= Valmouth (musical) =

1959 flyer of the original production at the Saville Theatre

Valmouth is a 1958 musical by Sandy Wilson based on the novel of the same name by Ronald Firbank.

It premiered in London at the Lyric Hammersmith, before transferring to the Saville Theatre.

The production was directed by Vida Hope. It made a star of Fenella Fielding as Lady Parvula de Panzoust.
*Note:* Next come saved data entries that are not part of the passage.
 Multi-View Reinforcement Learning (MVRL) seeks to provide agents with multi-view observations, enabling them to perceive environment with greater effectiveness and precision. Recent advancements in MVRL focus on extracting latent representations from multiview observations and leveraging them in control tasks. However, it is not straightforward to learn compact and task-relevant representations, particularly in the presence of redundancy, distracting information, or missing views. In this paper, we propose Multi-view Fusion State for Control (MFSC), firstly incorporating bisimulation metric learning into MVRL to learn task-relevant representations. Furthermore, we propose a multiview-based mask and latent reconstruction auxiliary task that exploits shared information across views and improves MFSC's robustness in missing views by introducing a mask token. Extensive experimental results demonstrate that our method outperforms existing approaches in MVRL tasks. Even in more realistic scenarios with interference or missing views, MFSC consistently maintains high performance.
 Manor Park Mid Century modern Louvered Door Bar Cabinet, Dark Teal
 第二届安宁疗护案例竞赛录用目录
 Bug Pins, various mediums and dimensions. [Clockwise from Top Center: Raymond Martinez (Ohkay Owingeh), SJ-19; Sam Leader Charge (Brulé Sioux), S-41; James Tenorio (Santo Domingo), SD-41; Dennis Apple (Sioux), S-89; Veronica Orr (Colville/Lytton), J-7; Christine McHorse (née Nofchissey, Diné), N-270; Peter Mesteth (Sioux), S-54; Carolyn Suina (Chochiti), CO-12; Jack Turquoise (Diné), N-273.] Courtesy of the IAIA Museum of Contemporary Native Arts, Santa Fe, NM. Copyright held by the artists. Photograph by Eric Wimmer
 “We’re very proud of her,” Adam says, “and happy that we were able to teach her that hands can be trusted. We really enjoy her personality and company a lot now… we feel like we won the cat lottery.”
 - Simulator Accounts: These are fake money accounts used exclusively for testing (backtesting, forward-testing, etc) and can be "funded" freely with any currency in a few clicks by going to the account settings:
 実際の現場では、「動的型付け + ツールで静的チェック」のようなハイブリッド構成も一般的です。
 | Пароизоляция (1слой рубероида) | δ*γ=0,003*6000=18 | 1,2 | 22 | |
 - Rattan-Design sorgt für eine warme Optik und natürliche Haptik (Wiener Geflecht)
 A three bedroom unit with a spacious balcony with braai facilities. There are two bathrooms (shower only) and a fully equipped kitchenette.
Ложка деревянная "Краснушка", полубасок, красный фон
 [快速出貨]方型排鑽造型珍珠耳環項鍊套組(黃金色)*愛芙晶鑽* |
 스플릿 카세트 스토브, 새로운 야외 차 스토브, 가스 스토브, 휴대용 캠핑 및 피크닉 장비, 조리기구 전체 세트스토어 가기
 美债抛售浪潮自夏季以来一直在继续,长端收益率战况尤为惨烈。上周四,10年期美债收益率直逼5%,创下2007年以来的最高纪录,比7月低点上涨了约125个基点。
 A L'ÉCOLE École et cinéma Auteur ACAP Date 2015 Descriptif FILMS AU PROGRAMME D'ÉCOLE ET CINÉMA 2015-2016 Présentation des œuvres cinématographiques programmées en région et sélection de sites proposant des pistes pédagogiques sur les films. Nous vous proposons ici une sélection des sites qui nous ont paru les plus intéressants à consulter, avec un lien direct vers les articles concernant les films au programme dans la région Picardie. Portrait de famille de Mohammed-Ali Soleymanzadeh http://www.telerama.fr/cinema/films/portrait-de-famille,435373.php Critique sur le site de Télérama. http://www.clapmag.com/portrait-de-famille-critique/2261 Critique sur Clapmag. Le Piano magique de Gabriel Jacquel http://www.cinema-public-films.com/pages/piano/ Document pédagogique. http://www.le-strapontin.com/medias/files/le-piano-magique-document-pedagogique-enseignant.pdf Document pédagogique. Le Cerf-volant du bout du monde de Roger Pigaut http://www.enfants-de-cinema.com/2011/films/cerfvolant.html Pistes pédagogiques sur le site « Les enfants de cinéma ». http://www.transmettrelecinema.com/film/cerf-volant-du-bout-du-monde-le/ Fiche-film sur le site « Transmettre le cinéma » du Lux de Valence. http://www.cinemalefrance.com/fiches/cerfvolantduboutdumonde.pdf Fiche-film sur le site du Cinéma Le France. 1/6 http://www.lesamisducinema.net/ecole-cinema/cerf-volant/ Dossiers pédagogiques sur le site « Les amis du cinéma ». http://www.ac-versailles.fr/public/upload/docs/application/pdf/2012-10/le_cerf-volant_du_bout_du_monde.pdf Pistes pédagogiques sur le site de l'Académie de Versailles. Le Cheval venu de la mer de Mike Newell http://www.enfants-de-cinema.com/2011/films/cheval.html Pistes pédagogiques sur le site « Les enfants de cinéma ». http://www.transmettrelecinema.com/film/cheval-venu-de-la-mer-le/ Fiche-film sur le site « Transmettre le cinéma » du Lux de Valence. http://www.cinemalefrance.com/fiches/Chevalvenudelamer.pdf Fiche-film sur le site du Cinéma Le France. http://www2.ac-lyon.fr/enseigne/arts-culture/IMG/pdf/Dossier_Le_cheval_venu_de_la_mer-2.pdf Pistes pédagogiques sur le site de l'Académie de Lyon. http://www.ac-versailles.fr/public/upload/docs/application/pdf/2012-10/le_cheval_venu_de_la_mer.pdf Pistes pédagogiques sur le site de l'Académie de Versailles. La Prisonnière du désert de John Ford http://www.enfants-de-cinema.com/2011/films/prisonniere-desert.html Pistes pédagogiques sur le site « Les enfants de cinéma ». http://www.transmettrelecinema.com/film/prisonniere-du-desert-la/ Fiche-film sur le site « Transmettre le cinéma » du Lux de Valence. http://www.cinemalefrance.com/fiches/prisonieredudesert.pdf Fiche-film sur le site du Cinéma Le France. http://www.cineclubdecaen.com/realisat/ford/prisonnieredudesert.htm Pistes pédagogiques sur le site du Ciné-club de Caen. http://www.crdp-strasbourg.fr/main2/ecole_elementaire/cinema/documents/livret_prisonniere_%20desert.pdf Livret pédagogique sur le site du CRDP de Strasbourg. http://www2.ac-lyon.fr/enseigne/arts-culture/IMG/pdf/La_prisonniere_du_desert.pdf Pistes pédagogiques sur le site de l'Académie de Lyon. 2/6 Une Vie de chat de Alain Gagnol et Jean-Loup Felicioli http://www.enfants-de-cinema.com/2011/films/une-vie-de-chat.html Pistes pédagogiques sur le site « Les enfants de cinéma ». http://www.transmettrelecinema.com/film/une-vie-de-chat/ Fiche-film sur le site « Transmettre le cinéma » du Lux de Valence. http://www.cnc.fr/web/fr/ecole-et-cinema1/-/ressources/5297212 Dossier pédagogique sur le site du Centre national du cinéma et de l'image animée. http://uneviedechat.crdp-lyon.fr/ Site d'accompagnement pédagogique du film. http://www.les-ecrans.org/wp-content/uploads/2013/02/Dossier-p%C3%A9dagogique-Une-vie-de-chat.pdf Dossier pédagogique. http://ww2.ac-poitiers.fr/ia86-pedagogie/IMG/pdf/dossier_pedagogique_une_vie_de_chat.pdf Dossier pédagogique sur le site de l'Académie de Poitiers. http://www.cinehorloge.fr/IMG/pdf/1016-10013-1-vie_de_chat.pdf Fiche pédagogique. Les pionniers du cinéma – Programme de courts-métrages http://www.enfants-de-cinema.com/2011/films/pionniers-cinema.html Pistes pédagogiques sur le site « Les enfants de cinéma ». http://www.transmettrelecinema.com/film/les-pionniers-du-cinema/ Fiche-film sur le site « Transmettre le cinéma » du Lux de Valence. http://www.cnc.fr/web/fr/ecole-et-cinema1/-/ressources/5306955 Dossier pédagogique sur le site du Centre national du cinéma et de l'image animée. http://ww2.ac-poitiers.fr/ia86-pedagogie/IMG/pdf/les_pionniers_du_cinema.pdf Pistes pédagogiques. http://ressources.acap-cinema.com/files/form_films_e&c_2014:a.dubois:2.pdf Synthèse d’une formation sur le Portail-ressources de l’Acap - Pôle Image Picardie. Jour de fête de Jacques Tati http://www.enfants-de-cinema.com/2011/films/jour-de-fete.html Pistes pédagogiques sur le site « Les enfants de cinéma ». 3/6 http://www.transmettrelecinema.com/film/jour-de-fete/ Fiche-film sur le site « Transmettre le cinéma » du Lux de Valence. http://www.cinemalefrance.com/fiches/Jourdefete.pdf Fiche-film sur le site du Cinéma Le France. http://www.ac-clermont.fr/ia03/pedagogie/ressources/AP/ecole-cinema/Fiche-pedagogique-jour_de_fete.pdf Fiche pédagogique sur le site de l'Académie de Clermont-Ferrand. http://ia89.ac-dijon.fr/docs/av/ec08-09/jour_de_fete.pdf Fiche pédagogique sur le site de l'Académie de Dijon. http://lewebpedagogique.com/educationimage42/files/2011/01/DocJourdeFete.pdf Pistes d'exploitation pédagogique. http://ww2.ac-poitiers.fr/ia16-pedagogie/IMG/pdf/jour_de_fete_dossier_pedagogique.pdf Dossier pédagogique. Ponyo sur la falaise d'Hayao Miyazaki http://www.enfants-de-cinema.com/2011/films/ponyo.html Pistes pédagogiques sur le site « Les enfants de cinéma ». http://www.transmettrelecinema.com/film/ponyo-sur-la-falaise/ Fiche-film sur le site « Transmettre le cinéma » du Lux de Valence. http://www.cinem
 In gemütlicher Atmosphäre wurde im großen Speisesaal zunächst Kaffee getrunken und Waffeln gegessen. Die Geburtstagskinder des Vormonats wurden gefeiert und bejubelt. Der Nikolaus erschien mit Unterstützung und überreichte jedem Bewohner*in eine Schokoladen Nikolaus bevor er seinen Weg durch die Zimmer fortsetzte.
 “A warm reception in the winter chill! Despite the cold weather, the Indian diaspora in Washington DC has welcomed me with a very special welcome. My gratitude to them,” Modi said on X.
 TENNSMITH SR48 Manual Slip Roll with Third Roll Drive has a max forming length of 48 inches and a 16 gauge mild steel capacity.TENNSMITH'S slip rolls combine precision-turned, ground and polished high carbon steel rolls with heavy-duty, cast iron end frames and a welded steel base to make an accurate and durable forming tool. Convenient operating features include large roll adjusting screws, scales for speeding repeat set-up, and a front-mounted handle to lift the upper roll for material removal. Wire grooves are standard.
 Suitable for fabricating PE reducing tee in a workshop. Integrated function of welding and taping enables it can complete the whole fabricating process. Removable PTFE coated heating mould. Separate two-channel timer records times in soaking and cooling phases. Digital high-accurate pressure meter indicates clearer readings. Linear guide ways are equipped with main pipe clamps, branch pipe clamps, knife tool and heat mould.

The musical has since been staged several times including twice at the Chichester Festival Theatre and several cast album recordings have been released. The musical has also been performed on BBC Radio, first broadcast in 1975.

==Original cast==
- Captain Dick Thoroughfare - Alan L Edwards
- Cardinal Pirelli - Geoffrey Dunn
- Carry - Denise Hirst
- David Tooke -	Peter Gilmore
- Dr Dee	- Lewis Henry
- Father Colley-Mahoney	- Robert Bernal
- Granny Tooke -	Doris Hare
- Lady Parvula de Panzoust - Fenella Fielding
- Lady Saunter - Celia Helda
- Lt. Jack Whorwood - Aubrey Woods
- Madame Mimosa - Marcia Owen
- Mrs Hurstpierpoint - Barbara Couper
- Mrs Q. Comedy	- Sally Alsford
- Mrs Thoroughfare - Betty Hardy
- Mrs Yajnavalkya - Bertice Reading (played by Cleo Laine at Saville Theatre)
- Niri-Esther - Maxine Daniels
- Sir Victor Vatt - Roderick Jones
- Thetis Tooke - Patsy Rowlands

==Songs==
- Opening / Valmouth - Company
- Magic Fingers - Mrs Yajnavalkya
- Mustapha - Mrs Yajnavalkya
- I Loved a Man - Thetis Tooke
- What Then Can Make Him Come So Low? - Niri-Esther
- All the Girls Were Pretty - Mrs Hurstpierpoint, Lady Parvula, Mrs Thoroughfare
- Just Once More - Lady Parvula
- Lady of the Manor - Niri-Esther
- What Do I Want With Love - David Tooke
- My Big Best Shoes - Mrs Yajnavalkya, Grannie Tooke
- Niri-Esther - Jack Whorwood, Captain Dick
- The Cry of the Peacock - Mrs Yajnavalkya
- Little Baby Girl - Mrs Yajnavalkya
- The Cathedral of Clemenza - Cardianl Pirelli
- Only a Passing Phase - Lady Parvula
- Valmouth - Captain Dick
- Where the Trees Are Green With Parrots - Niri-Esther
- My Talking Day - Sister Ecclesia
- I Will Miss You - Grannie Tooke, Mrs Yajnavalkya
- Finale / Valmouth - Company

==Critical reception==
Plays and Players wrote "Sandy Wilson's lyrics include, by my reckoning, at least half a dozen potential hits beside 'Big Best Shoes'. Valmouth, in short, bewitches by its riches as the opening chorus swore it would."